Googleの新コマース構想「agentic commerce」、AIエージェントが購入を代行
- 白石 奈々

- 1月13日
- 読了時間: 3分

Geminiと検索AIに組み込まれる新チェックアウトと共通プロトコルの全体像
米Googleは現地時間1月11日、AIエージェントが購買プロセス全体を能動的に担う「agentic commerce」の実装に向けて、新たな技術標準と関連ツール群を発表した。中核となるのは、小売システムや決済プラットフォームとAIが共通仕様で連携する「Universal Commerce Protocol(UCP)」で、商品探索から購入、購入後の手続きまでを一貫して扱える設計となっている。UCPは既存のエージェント関連プロトコルとも互換性を持ち、ShopifyやWalmart、Visa、American Expressなど複数のプラットフォームやパートナーが参加する枠組みとして構築されている。

検索とGeminiに組み込まれるAIチェックアウト
UCPを活用する仕組みとして、Google SearchのAIモードや「Gemini」アプリ内でチェックアウト機能が提供される予定だ。
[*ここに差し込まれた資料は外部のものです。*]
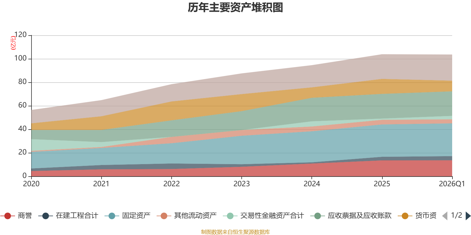 资产重大变化方面,截至2026年一季度末,公司货币资金较上年末减少29.04%,占公司总资产比重下降3.55个百分点;交易性金融资产合计较上年末增加186.58%,占公司总资产比重上升1.85个百分点;其他流动资产较上年末减少14.27%,占公司总资产比重下降0.54个百分点;存货较上年末增加41.84%,占公司总资产比重上升0.51个百分点。

ユーザーは商品リサーチ中の画面から直接購入手続きに進めるようになる。支払い情報や配送先はGoogle PayやGoogle Walletに保存されたデータを利用し、将来的にPayPalへの対応も検討されている。小売業者は自社の要件に応じて統合できる仕組みとなっている。

ブランドAIと商品データ拡張で会話型コマースを強化
あわせて、検索結果やチャット内でブランド専用のAIエージェントを展開する「Business Agent」も提供される。これはユーザーの問い合わせにブランドの情報で応答し、購入までを支援する役割を担うもので、複数の大手小売ブランドが採用を表明している。商品データの拡張としては、Merchant CenterにAIが製品情報をより深く理解・推薦できる追加データ属性が導入される予定だ。これにより、代替品や関連アクセサリといった情報もAIの推薦プロセスに組み込まれる。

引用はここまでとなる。